Matt Ward has written a great piece about spreadsheets (no, really!).
"Relationships between staff, moments of educational joy, transformative learning experiences, where buried under numeric representation. The performance of the software hid the nuance of the experience, which ultimately made it more difficult for me to think about new possibilities. I found myself ever more adept in my new realism, but evermore disconnected to the future I was aiming to produce."
I wonder if spreadsheets have driven the mania for reducing all of life to numbers. This is most visible when the numbers equate to money, when all artistic output is judged solely on "value for money" or "ROI", but is also endemic in business support's desire for surveys and the like which reduce all work to a count of businesses, or employees, or thousands of pounds of investment raised.
As ever, we need better tools, rather than to force more and more of life into terms that digital computers understand.
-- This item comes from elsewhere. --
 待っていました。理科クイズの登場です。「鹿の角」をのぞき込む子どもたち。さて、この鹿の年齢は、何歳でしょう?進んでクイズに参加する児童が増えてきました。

That's not to say spreadsheets aren't useful tools. They are, but the reduction-of-life-to-a-simple-number is a seductive draw.
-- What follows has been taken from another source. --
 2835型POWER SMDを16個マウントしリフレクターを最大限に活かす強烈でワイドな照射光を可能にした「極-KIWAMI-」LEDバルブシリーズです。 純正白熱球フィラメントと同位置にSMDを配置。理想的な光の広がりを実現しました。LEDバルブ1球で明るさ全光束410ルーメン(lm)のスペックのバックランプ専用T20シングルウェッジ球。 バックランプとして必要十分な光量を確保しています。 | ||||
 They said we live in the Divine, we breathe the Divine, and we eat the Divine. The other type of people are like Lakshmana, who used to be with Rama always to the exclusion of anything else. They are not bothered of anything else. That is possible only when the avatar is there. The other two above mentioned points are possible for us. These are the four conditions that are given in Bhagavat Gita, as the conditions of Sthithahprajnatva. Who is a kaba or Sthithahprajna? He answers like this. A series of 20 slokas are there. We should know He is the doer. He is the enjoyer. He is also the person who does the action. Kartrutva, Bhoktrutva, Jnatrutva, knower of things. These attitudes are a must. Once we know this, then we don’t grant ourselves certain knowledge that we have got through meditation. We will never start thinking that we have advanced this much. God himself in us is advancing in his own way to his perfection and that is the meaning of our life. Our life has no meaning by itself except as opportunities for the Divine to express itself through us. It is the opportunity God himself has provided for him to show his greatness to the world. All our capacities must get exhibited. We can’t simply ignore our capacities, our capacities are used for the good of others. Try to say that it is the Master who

I think I properly embraced spreadsheets as a tool when we ditched Microsoft Project and started using Excel for project planning when I was at STNC. At least that was partly in response to the understanding that project plans are permanently incomplete pictures of what you'd like to happen, and so tools to let you edit quickly and get a good-enough feel for the shape and realism of dates/work are far better than ones that encourage you to obsess endlessly for the perfect Gantt chart. That doesn't ever stop your boss asking for an exact deadline date, mind... maybe that's the pressure point to poke at?